Le véritable problème, c’est que leurs flics ne sont guère plus que des thugs en uniforme qui se croient tout permi car ils sont une sorte de milice officieuse de l’oligarchie qui piétine nuit et jour la Constitution, et qui veut mener ce pays vers un Etat policier. D’ailleurs, il y a plus de Blancs que de Noirs tués par la police aux Etats-Unis: http://www.washingtontimes.com/news/2015/apr/21/police-kill-more-whites-than-blacks-but-minority-d/

Si la Vérité est tordue, ce n’est évidemment pas dans notre intérêt à tous…

      20 Juil 2016 15h41

    Comme la France.La vérité elle est pas tordue c’est juste que des gens n’ont pas compris ou ferment les yeux.

      adi
      24 Juil 2016 01h48

    Fondamentalement je suis d’accord avec toi à part sur la question des flic,

    les policiers où qu’ils soient dans le monde subissent un endoctrinement qui s’assimile à un formatage psychologique, il en fait des instruments déresponsabilisés aux quasi plein pouvoirs (surtout aux states), des instruments capable d’obéir aveuglément sous couvert d’obéir aux ordres.

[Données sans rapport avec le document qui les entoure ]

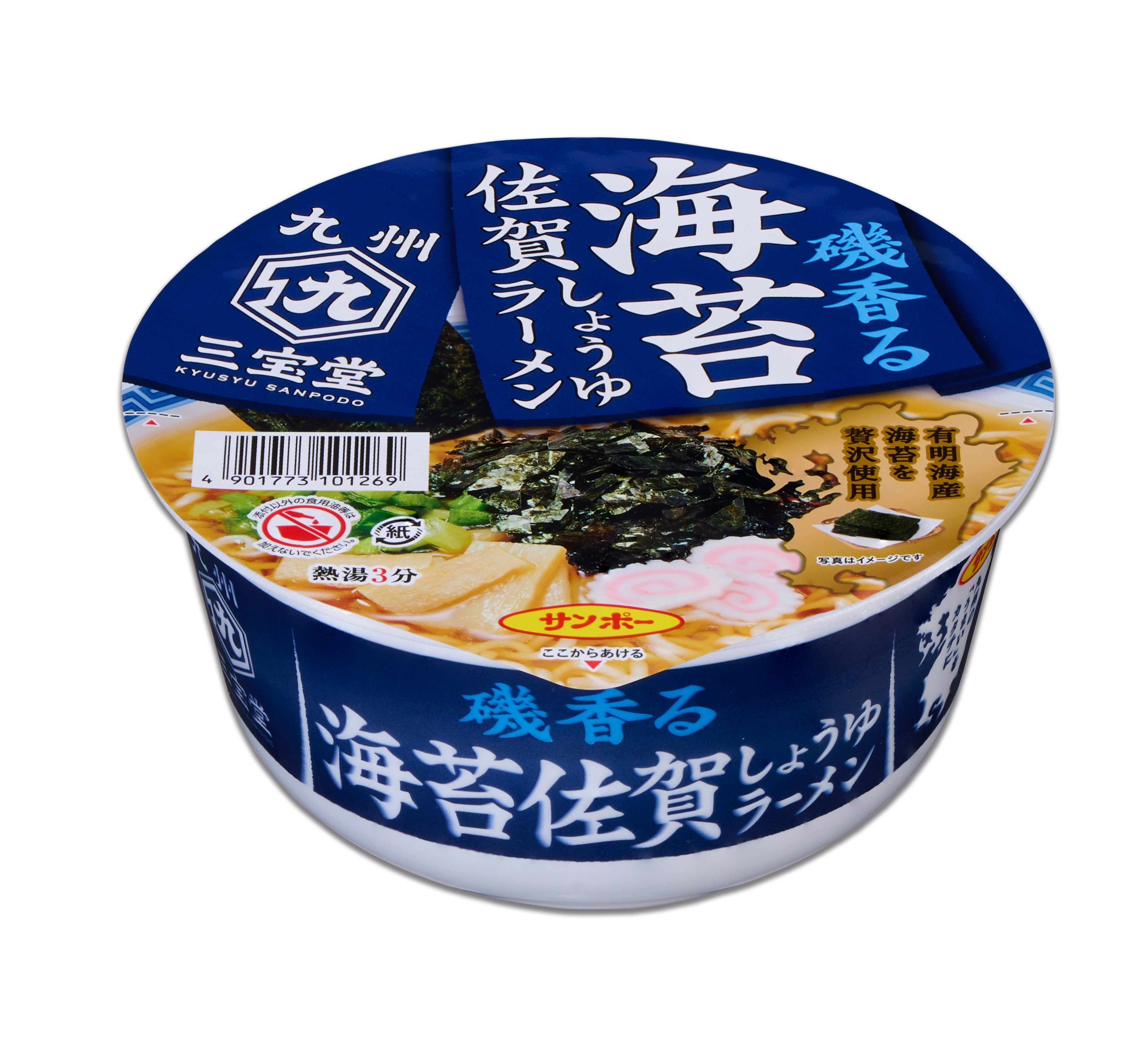 「焼豚ラーメン」でお馴染みのサンポー食品!『ご当地シリーズ』がブランドリニューアルし、新たに『九州三宝堂』に!『九州三宝堂』新商品「海苔佐賀しょうゆラーメン」発売
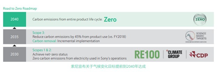 “创造一个充满感动的世界,连接下一代” 是索尼集团的可持续发展愿景。早在1990年,索尼集团就提出责任与贡献并重的环境方针。2010年启动“走向零负荷(Road to Zero)”全球计划,旨在2050年实现全生命周期的净零排放。2022年索尼再次加速该目标:将碳中和提前至2040年(覆盖范围1-3),该计划成为全球首个通过SBTi认证的耐用消费品企业的净零目标。截至2024财年,索尼连续四年、第九次入选气候变化类别的A类榜单,彰显索尼在应对气候变化方面的全球领先地位。
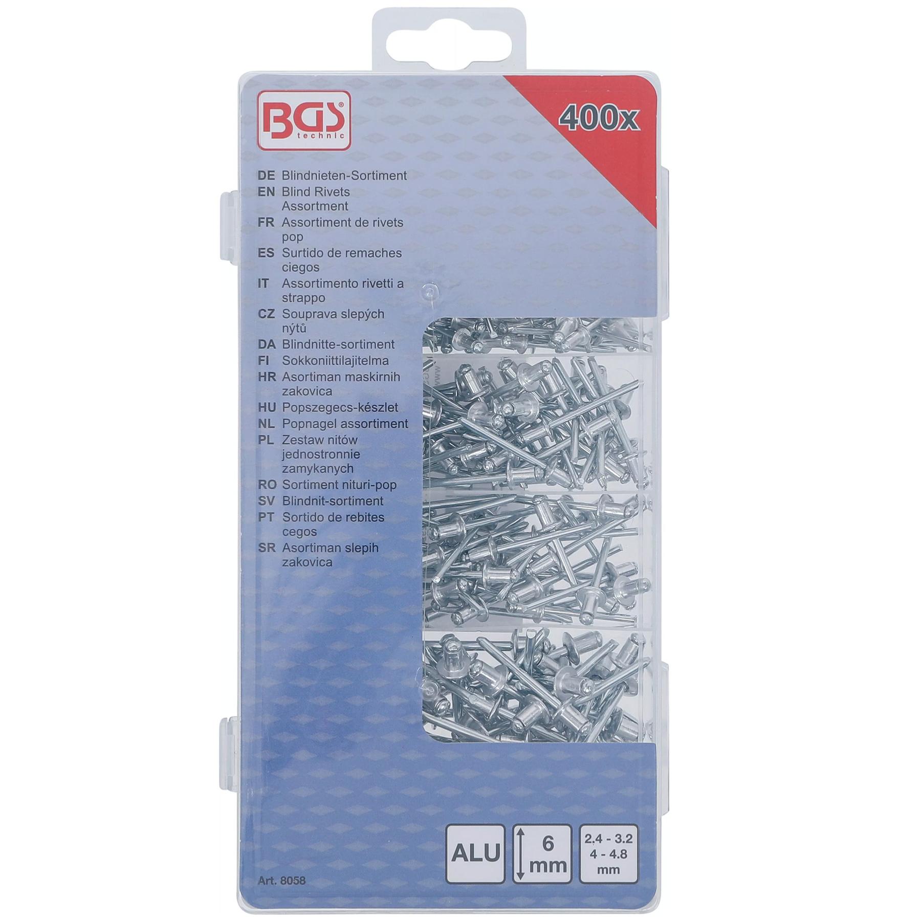 RIVET POP AVEUGLE 2.4, 3.2, 4, 4.8 - BOITE ASSORTIMENT 400 RIVETS BGS
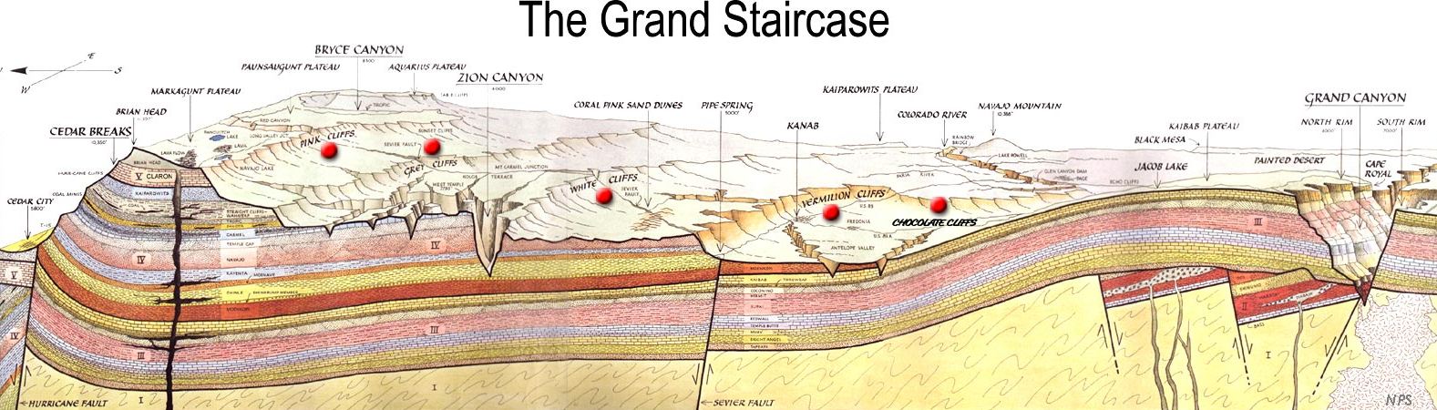 Note: This article is about the huge geologic formation known as the Grand Staircase (graphic above); the Grand Staircase-Escalante National Monument in Utah is a different topic (it is on the National Parks menu). It seems to me that no one is interested in the Grand Staircase anymore, just in the National Monument, but we found sufficient material to put this article together.
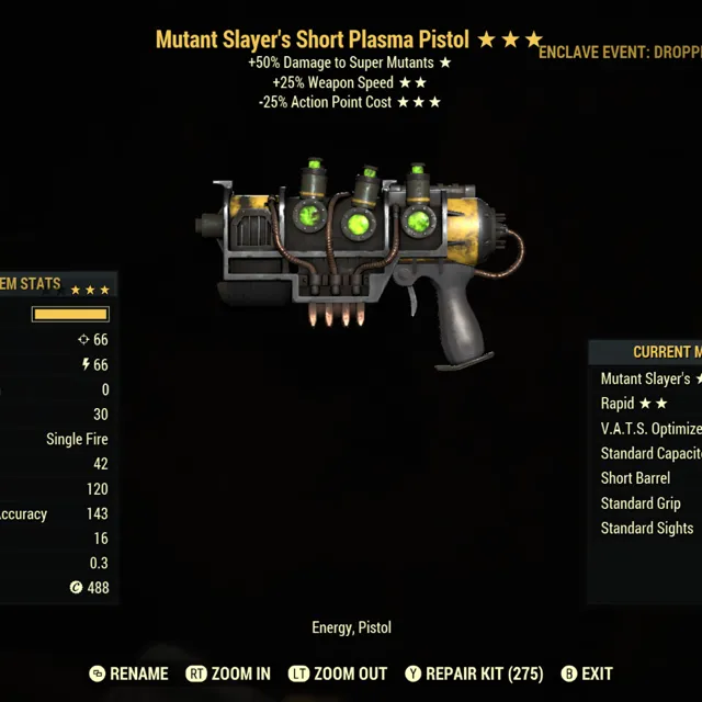Type: Weapon. Mutant slayers, weapon speed, 25% less vats cost lvc plasma gun. Max level
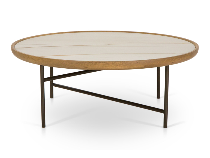 MASUTA CAFEA ROTUNDA HELIOS COMBO D87x31CM, CU PLACA CERAMICA SI STEJAR
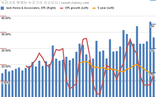 - 포스팅일 기준, 잭 헨리 앤 어소시에이츠의 1, 5년 연평균 EPS 성장률은 4.36%, 4.74%이다.
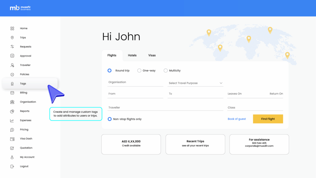 Created a parent company account on mbiz under which their multiple other business units became tags values under the parent account. This made the process of obtaining any form of travel reports easier for the client to access at any given point.
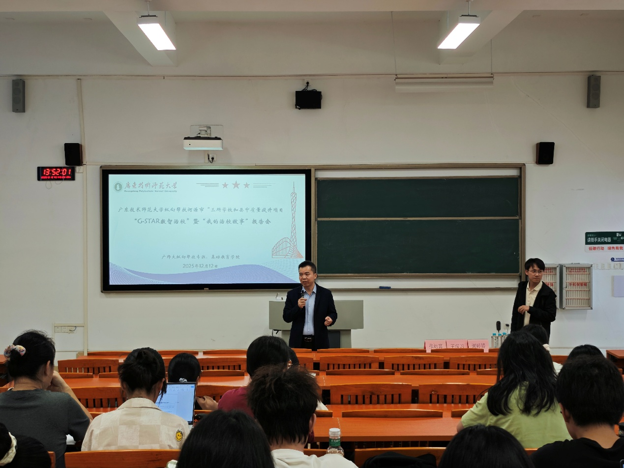 为深化小学教育专业学生对粤东西北地区基础教育发展的认知,推动教育理论与一线治校实践深度融合,2025年12月12日,永利3044集团官网基础教育学院于唯实楼109教室成功举办《粤东西北小学教育研究》专题讲座暨一线校长“我的治校故事”报告会。本次活动由杨定玉教授组织开展,2023级小学教育专业全体本科生和部分研究生到场聆听学习。活动聚焦我校纵向帮扶河源市“三所学校”与县中质量提升项目“G-STAR数智治校”系列内容,特邀东源县灯塔中学王汉习校长、紫金县蓝塘中学张运富副校长以及源城区雅居乐小学谢婷婷校长,结合自身治校经历,分享粤东西北地区基础教育治理与实践的宝贵经验。

    Or lorsqu’on donne des pouvoirs disproportionnés à des gens irresponsables et sous éduqués (mais même éduqués…) on observe immanquablement des abus, comme aucun changement dans leur formation n’est observé et qu’ils ne sont généralement pas punis pour leur travers, le phénomène, augmenté pas le sentiment d’impunité dont ils jouissent ne fait qu’empirer.

    C’est le manque d’actions correctives consécutives aux abus répétés, qui est la meilleure preuve que ces comportements correspondent à ce qui est souhaité par leurs dirigeants.